Wilson wrote that decisions about stipends are made based on the idea that “each of the student cohorts serve different needs and have different responsibilities.”

Rusnak said this decision was frustrating because it made her feel that student media’s contributions to the University were being undervalued. 

“I just thought it was so disrespectful to insinuate that we should be doing that work just for free,” Rusnak said. “And all of us agreed we would do it for free because we love it, but being paid a stipend, not only is it a practical means of support but it’s also a signifier that the institution appreciates what we’re doing and that it appreciates the work we’re putting in.” 

Rusnak said she also worries that low-income students will face more barriers for participation in Student Media Board if stipends are not reintroduced, which she believes would fly “in the face of everything that AU says that they stand for.”

“I think it’s a huge, huge mistake on their part to not place that value on supporting us financially because you’re just gonna end up with an extremely homogenous group of privileged students,” Rusnak said.

In her email, Wilson wrote that there are “a multitude of students from diverse backgrounds serving in leadership roles both paid and unpaid.”

Although the Student Media Board is the only Club Council organization that will not receive undergraduate activity fee funding this semester, Student Government has undergone structural changes, including the separation of the Kennedy Political Union, the Student Union Board, Women’s Initiative and the Founders Week Committee from the SG organization. 

Ryan Hale, a senior in SPA and former undergraduate senator, said he and his fellow SG members felt CSI could have been more transparent about why such changes have been made.

“We have been told that we do not function properly as currently structured and so they’re changing every fault,” Hale said. “And to give them a little bit of credit, they did put out an application on our side of things for a working group and students could apply and they accepted students and those students are part of the process.”

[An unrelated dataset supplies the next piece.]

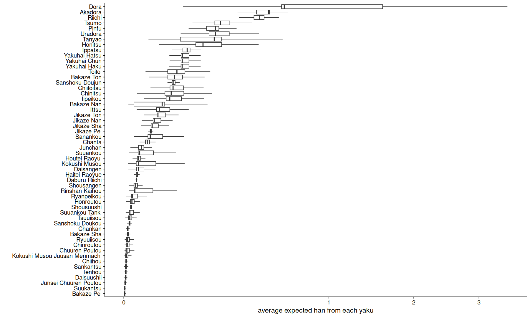 ggplot(aes(x=avg_exp_han, y=fct_reorder(yaku_romaji,avg_exp_han, .na_rm=TRUE))) + geom_boxplot(outlier.shape = NA) +
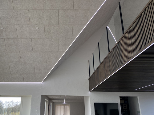 Flere steder i denne nybyggede bolig er der ligeledes anvendt green:ID LED strips, som også der er indbygget og monteret i Troldtekt-lofterne via green:ID monteringsskinner.

However, Hale, who previously served as chair of the Undergraduate Senate's finance committee, said he would appreciate “an explanation as to why this was the method they chose” to address issues in Student Government. Prior to this year, SG’s Finance Committee would collaborate with its programming boards and executive officials to determine a budget. This budget would be presented in a public information session, go before the undergraduate senate and then the SG president would sign it into effect. 

According to Hale, this year was different, with CSI making “almost entirely” all of the budgetary decisions for SG. He said he would like to see CSI officials provide more detailed reasoning as to why significant financial changes have been made for both SG and the Student Media Board because he does not currently feel that the restructuring has made SG operations more efficient.

“All it has done in terms of a financial perspective alone, it has made it more difficult and less transparent,” Hale said.

Rusnak said she hopes that members of student organizations will join together to advocate for more financial transparency from CSI, and that it would be “a huge mistake for students in these positions to pit ourselves against each other or to see this as a fight for funding.”

“We’re not enemies, we’re not competing for funding. There is the money, like, we know that it exists and we know that, for the most part, we are trustworthy stewards of student funds because we care about this institution,” Rusnak said. “I don’t want anyone in Student Government or on any of the programming boards to think that we’re up against each other.”

Wilson wrote that CSI will review the recommendations made by the student workgroups and take those perspectives into consideration when making decisions about how to allocate undergraduate activity fee resources in the future.

“The purpose of student activity fee is to encourage strong and viable student-sponsored programs that contribute significantly to the intellectual and social development of the student body,” Wilson wrote.